Everything from the line holding "But seriously, Gurley" through the end of the records should be printed exactly, apart from the pictures.
──────── Data listing ────────
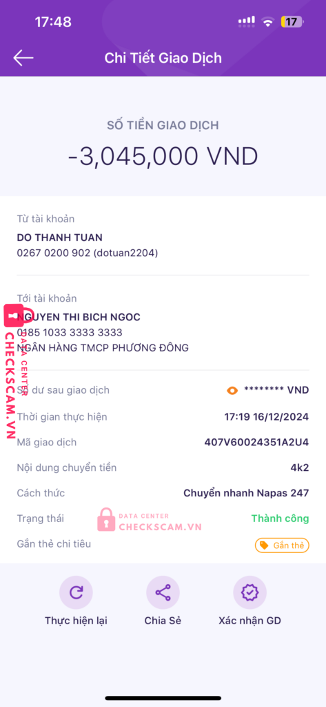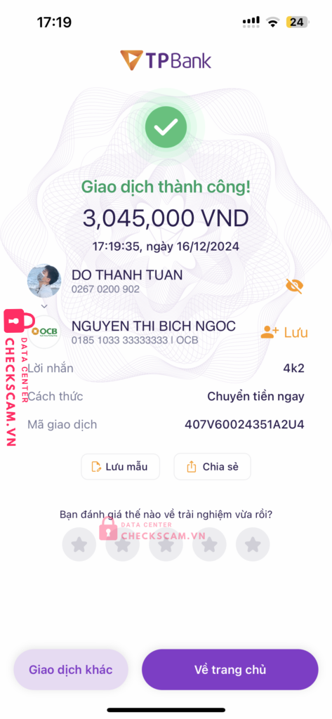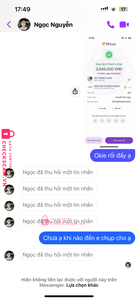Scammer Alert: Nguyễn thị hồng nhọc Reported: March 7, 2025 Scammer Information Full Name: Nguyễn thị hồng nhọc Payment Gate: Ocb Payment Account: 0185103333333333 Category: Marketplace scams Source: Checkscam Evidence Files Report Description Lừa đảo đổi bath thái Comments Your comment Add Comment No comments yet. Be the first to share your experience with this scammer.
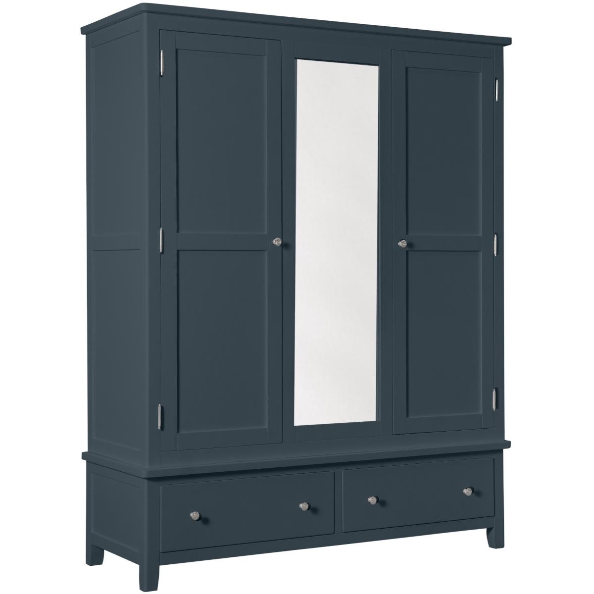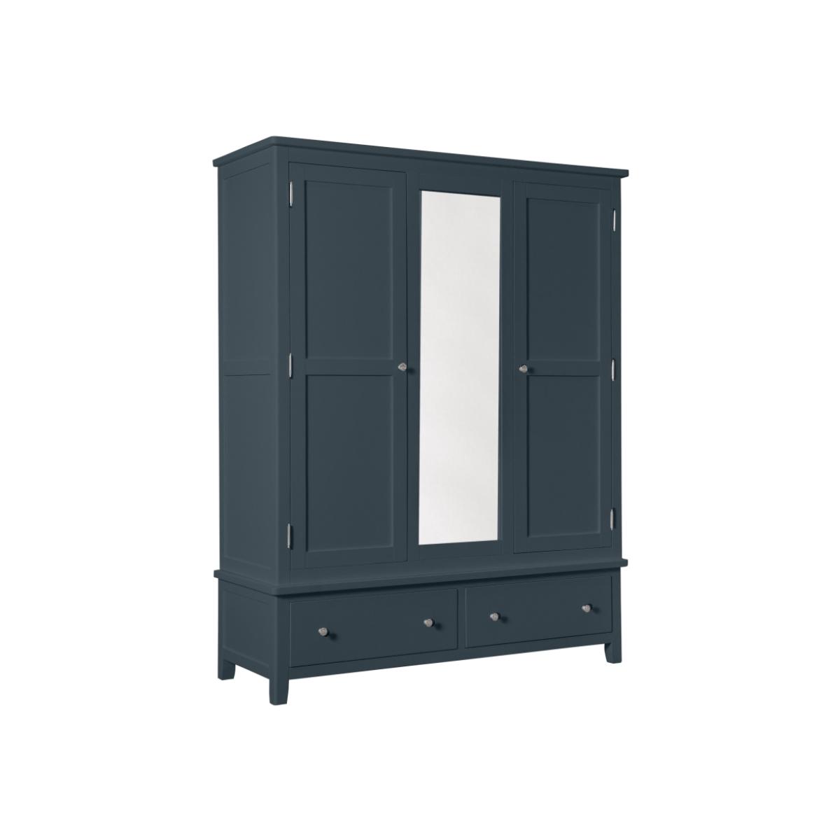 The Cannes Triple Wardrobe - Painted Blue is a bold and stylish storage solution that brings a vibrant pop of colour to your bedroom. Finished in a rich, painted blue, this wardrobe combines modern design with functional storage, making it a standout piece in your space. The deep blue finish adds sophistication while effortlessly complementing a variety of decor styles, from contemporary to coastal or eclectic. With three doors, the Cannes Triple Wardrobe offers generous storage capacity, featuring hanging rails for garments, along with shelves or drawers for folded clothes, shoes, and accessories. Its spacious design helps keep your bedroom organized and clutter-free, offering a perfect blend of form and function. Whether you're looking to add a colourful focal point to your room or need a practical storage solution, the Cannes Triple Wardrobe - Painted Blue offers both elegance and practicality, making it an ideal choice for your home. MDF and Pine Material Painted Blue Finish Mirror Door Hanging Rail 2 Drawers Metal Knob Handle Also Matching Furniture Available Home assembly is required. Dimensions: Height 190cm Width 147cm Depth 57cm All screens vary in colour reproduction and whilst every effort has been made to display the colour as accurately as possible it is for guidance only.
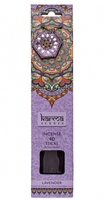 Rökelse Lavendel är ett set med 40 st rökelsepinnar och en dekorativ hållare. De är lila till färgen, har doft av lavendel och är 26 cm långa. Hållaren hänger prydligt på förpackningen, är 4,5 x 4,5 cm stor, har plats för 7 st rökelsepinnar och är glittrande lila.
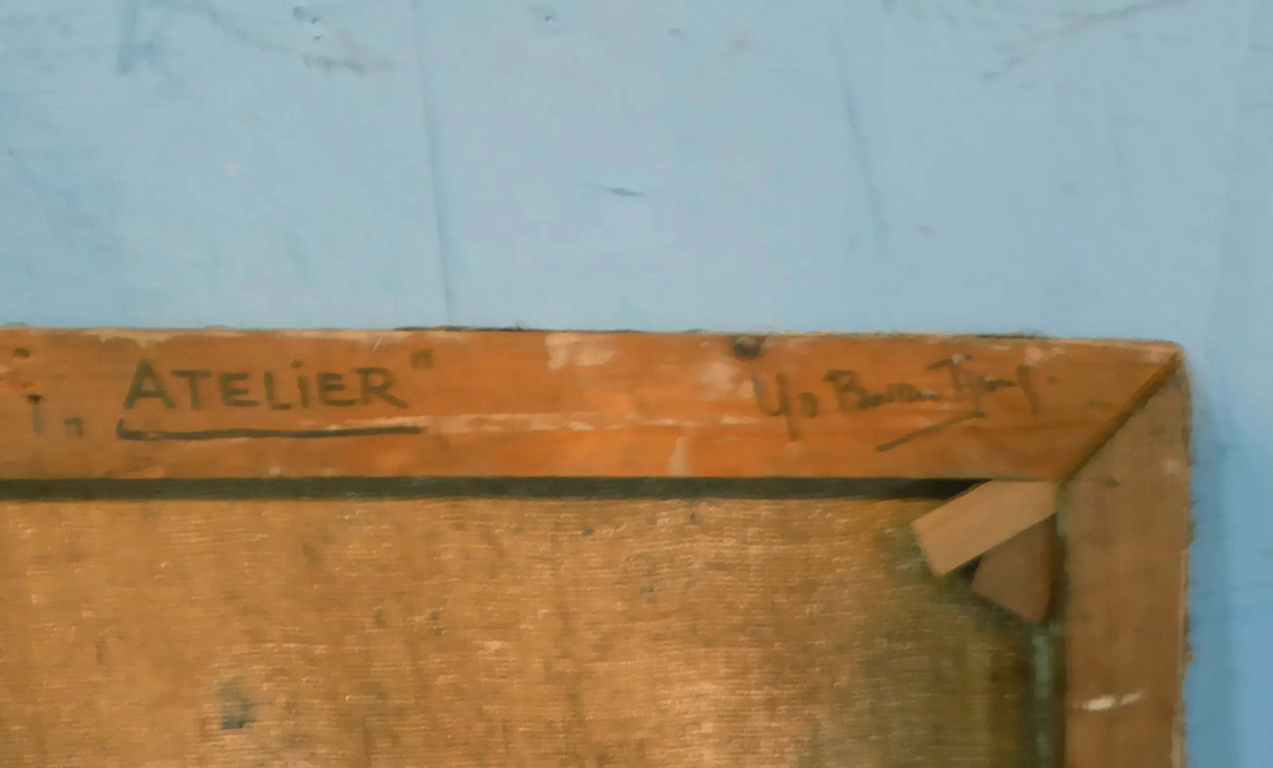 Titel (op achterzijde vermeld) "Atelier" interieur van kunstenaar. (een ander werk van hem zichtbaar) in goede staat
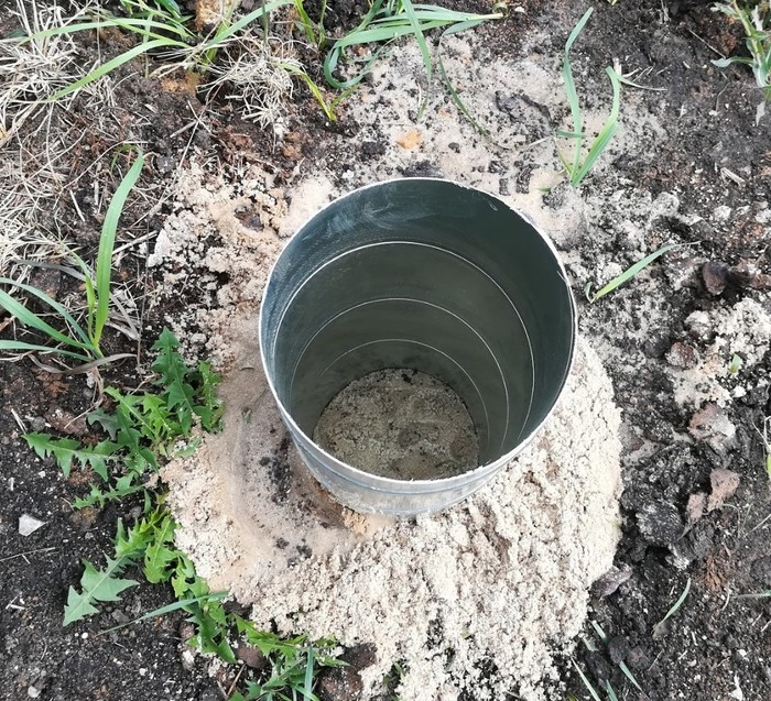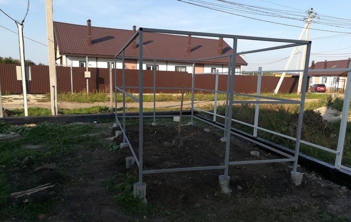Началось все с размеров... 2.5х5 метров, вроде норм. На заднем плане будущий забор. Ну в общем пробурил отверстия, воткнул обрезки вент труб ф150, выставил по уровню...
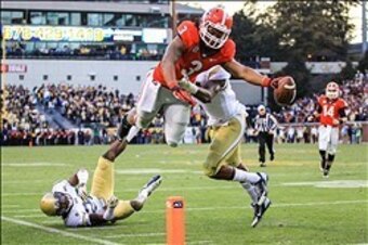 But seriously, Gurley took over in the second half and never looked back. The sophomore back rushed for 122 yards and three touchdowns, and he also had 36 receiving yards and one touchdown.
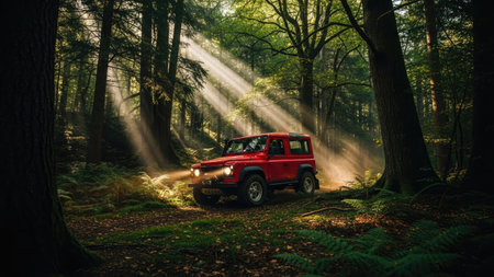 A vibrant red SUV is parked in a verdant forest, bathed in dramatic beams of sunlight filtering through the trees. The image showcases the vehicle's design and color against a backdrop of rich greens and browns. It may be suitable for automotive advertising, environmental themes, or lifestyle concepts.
────────
* **Answer to this task**:
 But seriously, Gurley took over in the second half and never looked back. The sophomore back rushed for 122 yards and three touchdowns, and he also had 36 receiving yards and one touchdown.
 A vibrant red SUV is parked in a verdant forest, bathed in dramatic beams of sunlight filtering through the trees. The image showcases the vehicle's design and color against a backdrop of rich greens and browns. It may be suitable for automotive advertising, environmental themes, or lifestyle concepts.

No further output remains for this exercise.